Amid all the spin and counter-spin, one hopes that baseless, xenophobic conspiracy theories will stay out of the public discourse during this campaign season. Yes, some GOP members of Congress have begun to make the ludicrous claim that the Muslim Brotherhood has infiltrated the administration. Nevertheless, we may yet hope for a campaign free of fear-mongering and paranoia. This is largely thanks to Speaker John Boehner and Senator John McCain, who have demonstrated that sanity and common decency still have a place in the Grand Old Party. In addition, the fact that President Obama has ordered the targeted killings of countless jihadists, including Osama Bin Laden, may also dispel the borderline-psychotic notion that President Obama harbors sympathy for Islamist terrorists.

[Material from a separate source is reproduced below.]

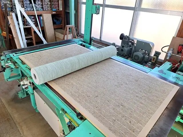 塩ビ素材をジャガード織で製織、24柄ありその中のFelice(フェリーチェ)F-001を使用した24㎜厚薄畳ヘリ無し仕様です。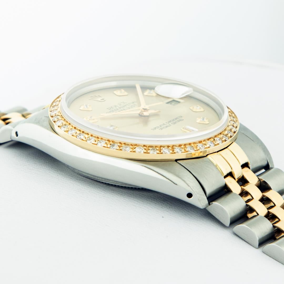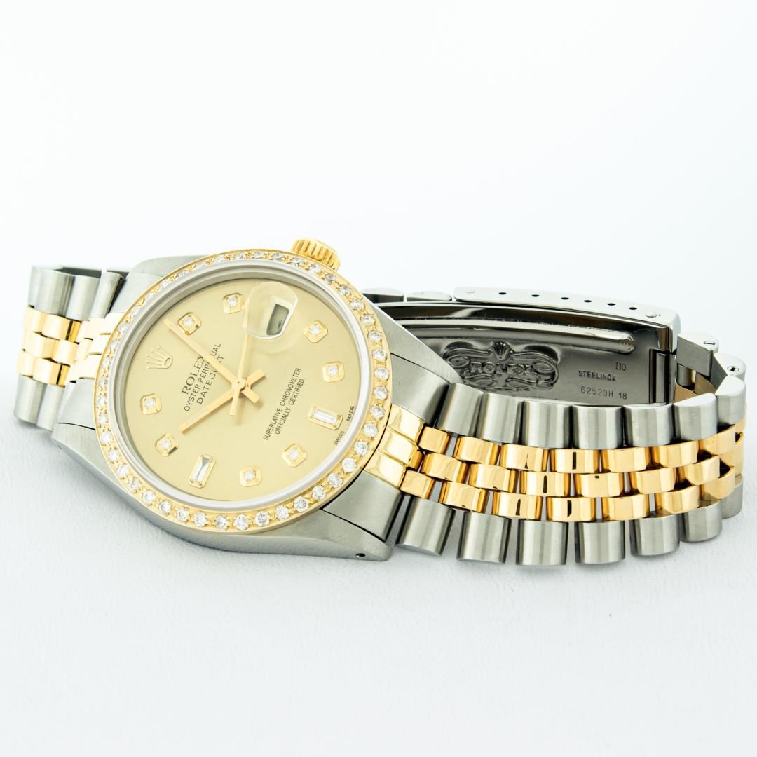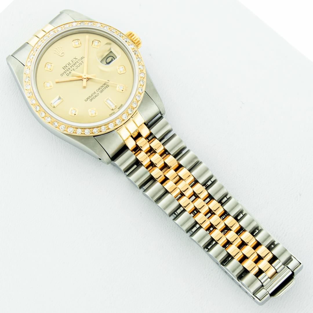 One Mens Pre Owned Two Tone Yellow Gold And Stainless Steel Rolex Datejust Polished, Serviced And Electronically Tested, Rolex 18K Yellow Gold And Stainless Steel Case: 36mm, Rolex 18K Yellow Gold Crown, Custom Bezel: New 18K Yellow Gold Beadset Diamond Bezel, Diamond Count: 44 Diamonds. Custom Crystal: New Sapphire With Magnified Lens. Custom Hands: New Luminescent Hands. Rolex Movement: Automatic Winding Movement 3035. Custom Dial: Custom Champagne Dial Added Diamonds, Diamond Count: 8 + 2 Baguette Diamonds On Dial. Date Window: 3 O'Clock Position Date Display, Quickset, Model: Datejust. Condition: G-6 Extra Fine. Rolex Bracelet: Two Tone Yellow Gold And Stainless Steel Jubilee Band. Bright Polish. 7.0 Inch Length, Adjustable. Standard Clasp, With Rolex Logo. This Watch Has Been Serviced Time Tested And Is In Excellent Condition It Is Free Of All Scratches And Dents.

When all is said and done, when the spin-meisters finally take a breath while the votes are cast, and the networks color their electoral maps blue and red, three things will become abundantly clear. First, Barak Obama will win an overwhelming majority of the Jewish, pro-Israel vote, because most Jewish supporters of Israel care more about Israel’s security than they do about settlements. Second, Mitt Romney will secure the reluctant but overwhelming support of the Evangelical pro-Israel vote, since Evangelicals are less concerned with securing Israel’s viability as a Jewish and democratic state than they are with the apocalyptic notion of a second coming triggered by a Jewish return to the whole of Biblical Israel.

Finally, it will become abundantly clear that foreign policy, even Israel policy, will have little to do with deciding this election.